We employ a Ti∶sapphire amplifier with an average power of up to 2.7 W as the light source. The output laser pulse is divided into two pulses by a beam splitter. One beam with 99% energy is incident into a LiNbO₃ crystal to generate a vertically polarized THz field via the tilted-pulse-front technique. The other beam is stretched up to 12 ps by a pair of prisms as a probe pulse. The broadened probe pulse width is sufficient to cover the generated THz field. The probe pulse is horizontally polarized by a polarizer and then focused onto a 1 mm-thick (110) ZnTe crystal with the THz pulse. The crystal is an electro-optic crystal for electro-optical sampling, and its [0,0,1] axis is arranged horizontally. To introduce the appropriate spectral interference fringe density between the two orthogonal polarization components of the probe pulse, the beam passes through a 1 mm-thick α-crystal with its optical axis set at 45° to the horizontal direction. More importantly, we use an imaging spectrometer to achieve two-dimensional spectral interference. After passing through a second polarizer (P2), the probe pulse is directed into the imaging spectrometer, where the spectral interference fringes are recorded. The optical axis of P2 is aligned vertically to maximize fringe modulation.

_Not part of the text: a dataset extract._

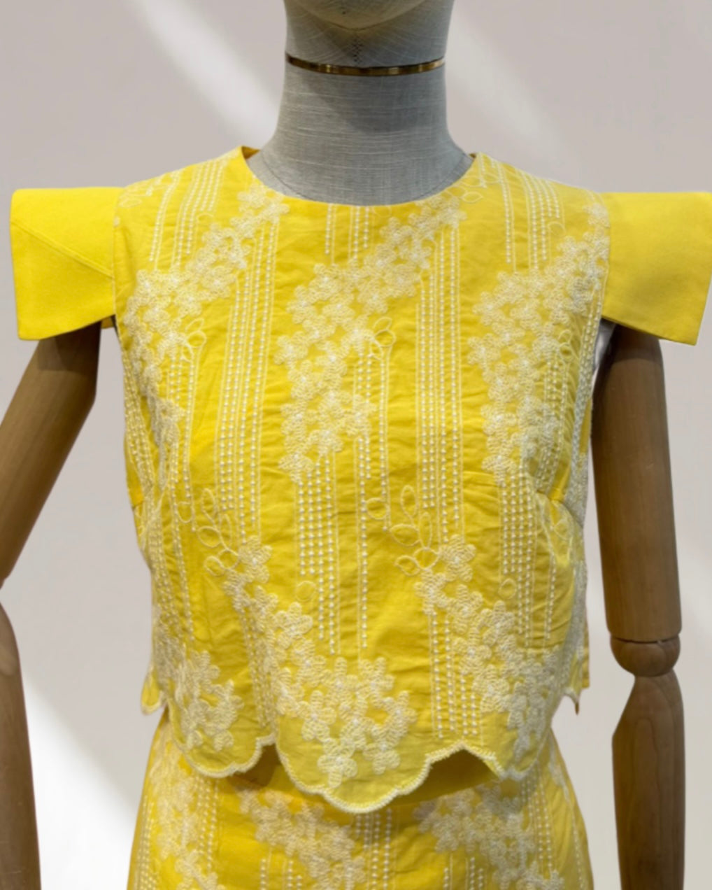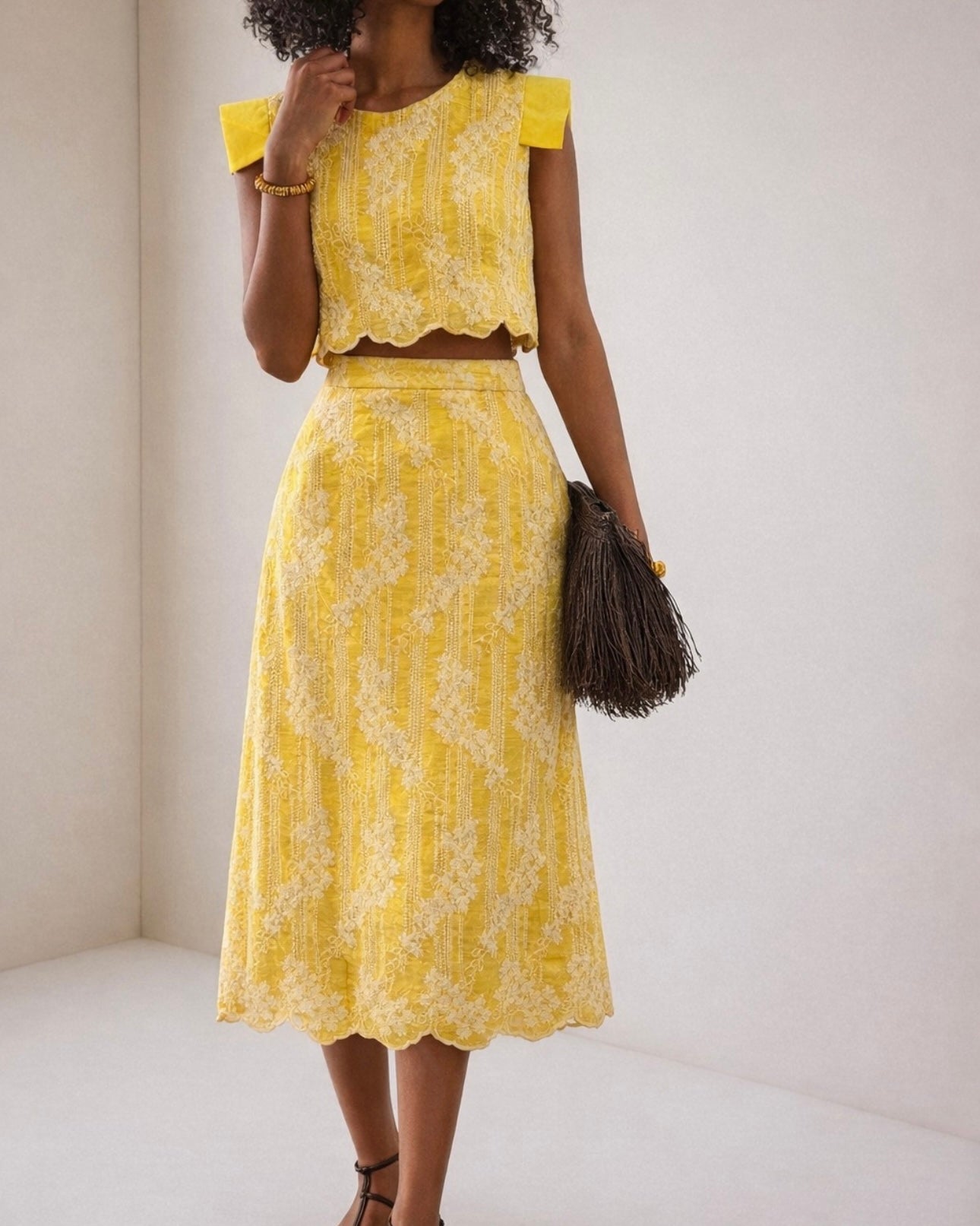 Conjunto top e saia em algodão com bordados Coleção Primavera 2026.

Based on a theoretical analysis of the THz electro-optical effect, this study optimizes the probe pulse polarization direction and electro-optic (EO) crystal angle for spectral interference with common-path self-reference (Fig. 2). For the vertically polarized THz pulse, the optimization is achieved when the polarization direction of the probe pulse and EO crystal axis [0,0,1] are both horizontal, as is shown in Fig. 4 (b). Owing to the intrinsic inhomogeneity of the probe pulse intensity, the recorded interference spectrum exhibits a nonuniform intensity distribution (Fig. 6). This uneven intensity affects the signal-to-noise ratio of the measured THz time-domain waveforms, as weaker interference spectra result in lower SNR values under the same system noise conditions. Consequently, the SNRs of THz time-domain waveforms vary across different lines on the imaging spectrometer (Fig. 8). The imaging spectrometer provides a spatially resolved visualization of the THz waveform distribution (Fig. 7), thereby offering a novel method for the single-shot detection of THz time-domain spectra across multiple ultrafast events. By averaging the time-domain waveforms measured across all lines of the imaging spectrometer [Fig. 9 (a)], the SNR of the THz signals reaches 166.6∶1, which is 2.2 times the maximum SNR achieved by a single line on the charge coupled device (CCD) panel of an imaging spectrometer.

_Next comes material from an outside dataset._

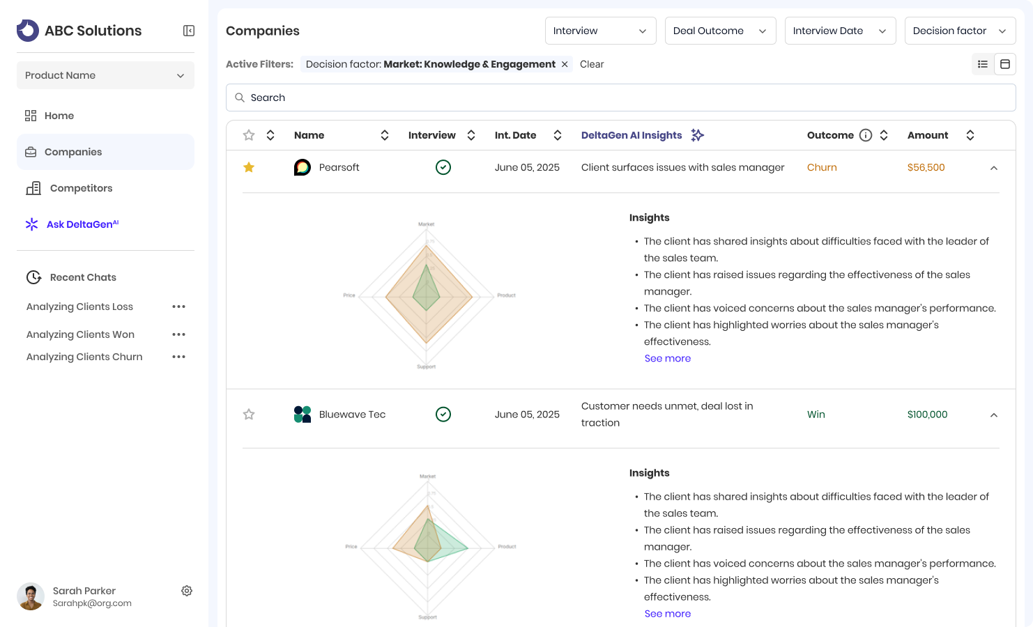 DeltaGen learns from thousands of real win/loss interviews to ask smarter, deeper questions.

In this study, a single-shot detection for THz time-domain spectroscopy based on two-dimensional spectral interference is proposed. This technique further improves THz detection efficiency by optimizing the polarization direction of the probe pulse and rotation angle of the detection crystal. The optimized structure enhances THz detection efficiency by 13.6%, achieves a higher optical modulation depth, and simplifies the alignment process of the detection setup. Additionally, imaging spectrometers replace traditional one-dimensional spectrometers to enable two-dimensional spectral interference and significantly increase the information capacity of each measurement. The experimental results demonstrate that, compared with the spectral interference scheme with common-path self-reference, the introduction of two-dimensional spectral interference improves the detection SNR by nearly 2.2 times, resulting in a maximum SNR of 166.7∶1. This technique can overcome the “over-rotation” problem that manifests in traditional electro-optic sampling as well as offer a high SNR and optimal detection efficiency. This study provides an effective detection means for strong THz radiation sources with single-shot or low-repetition frequency. Moreover, two-dimensional spectral interference shows potential for developing multi-channel THz time-domain spectrometers.